====== Recorded information

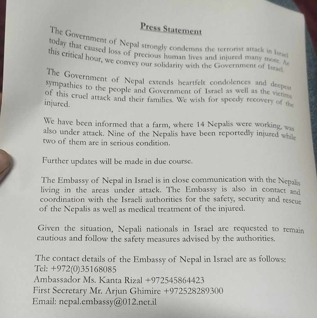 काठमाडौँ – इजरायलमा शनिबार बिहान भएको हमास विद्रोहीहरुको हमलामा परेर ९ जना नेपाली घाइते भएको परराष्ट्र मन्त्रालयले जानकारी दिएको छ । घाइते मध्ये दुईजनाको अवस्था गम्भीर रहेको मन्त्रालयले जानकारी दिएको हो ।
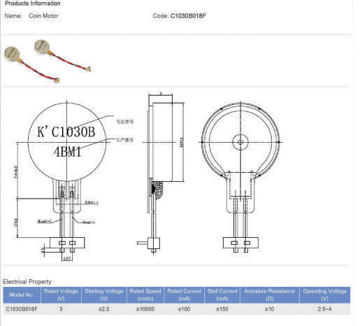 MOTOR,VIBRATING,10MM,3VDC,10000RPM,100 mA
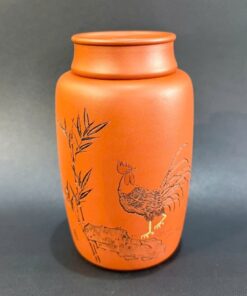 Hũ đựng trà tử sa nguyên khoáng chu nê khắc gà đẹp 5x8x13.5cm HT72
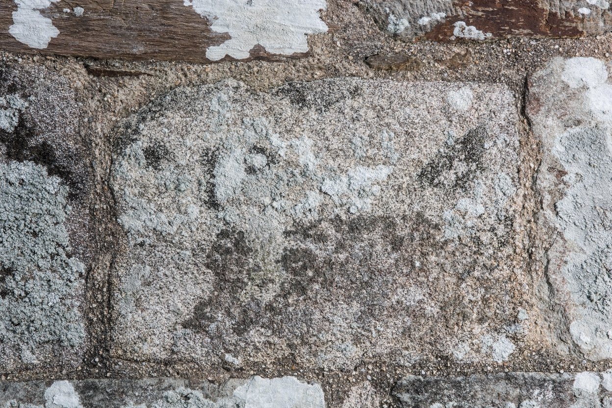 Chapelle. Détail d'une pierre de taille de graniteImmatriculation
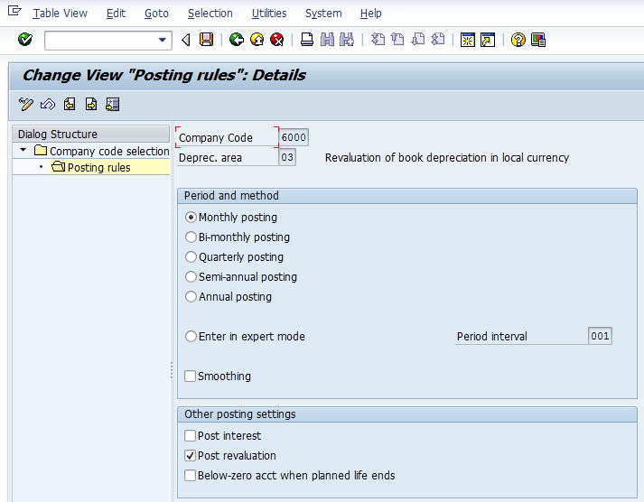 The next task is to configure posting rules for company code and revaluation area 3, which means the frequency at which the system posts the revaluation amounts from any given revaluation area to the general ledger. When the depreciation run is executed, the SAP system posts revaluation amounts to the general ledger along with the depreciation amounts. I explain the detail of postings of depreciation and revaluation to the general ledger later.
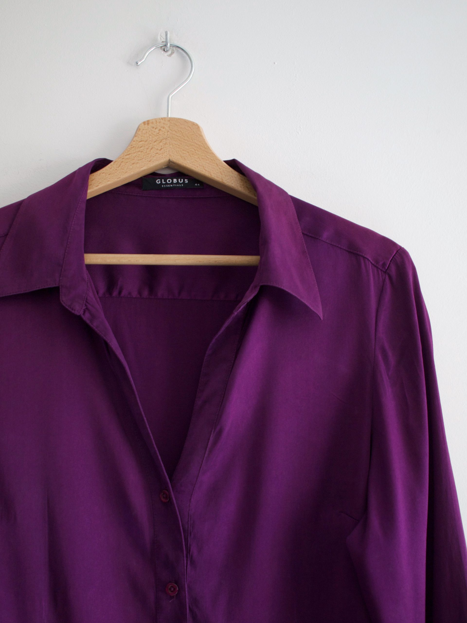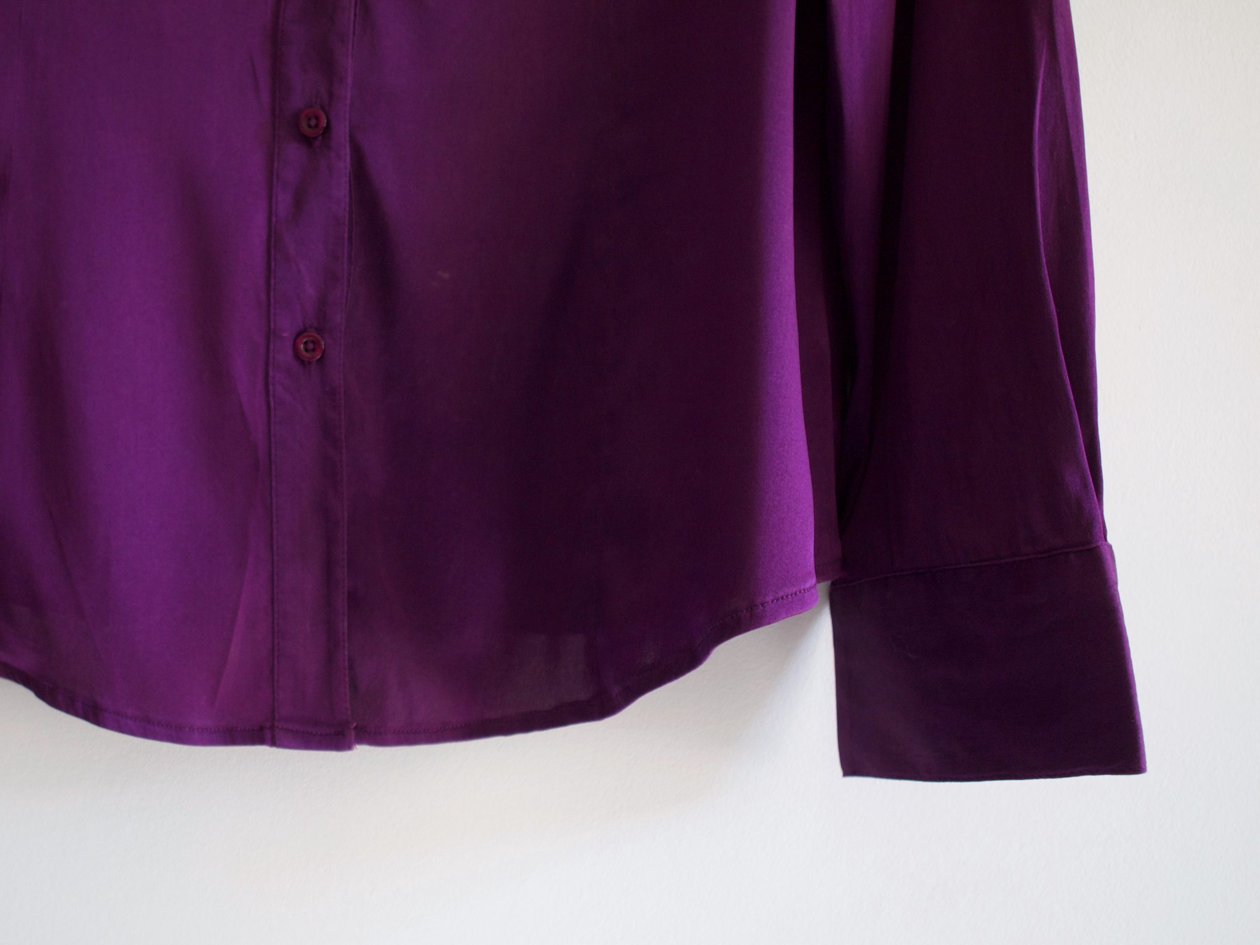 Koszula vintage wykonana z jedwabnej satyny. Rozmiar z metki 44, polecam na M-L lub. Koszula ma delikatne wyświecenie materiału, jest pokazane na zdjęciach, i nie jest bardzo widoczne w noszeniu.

============
====== Recorded information

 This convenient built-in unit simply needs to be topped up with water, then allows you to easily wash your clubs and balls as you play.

============

§ **Activity**
Go to the line above holding "MOTOR,VIBRATING,10MM,3VDC,10000RPM,100 mA", then copy exactly each line down to and including the one holding "Chapelle. Détail d'une", leaving pictures out.

§ **Response to this exercise**
 MOTOR,VIBRATING,10MM,3VDC,10000RPM,100 mA
 Hũ đựng trà tử sa nguyên khoáng chu nê khắc gà đẹp 5x8x13.5cm HT72
 Chapelle. Détail d'une pierre de taille de graniteImmatriculation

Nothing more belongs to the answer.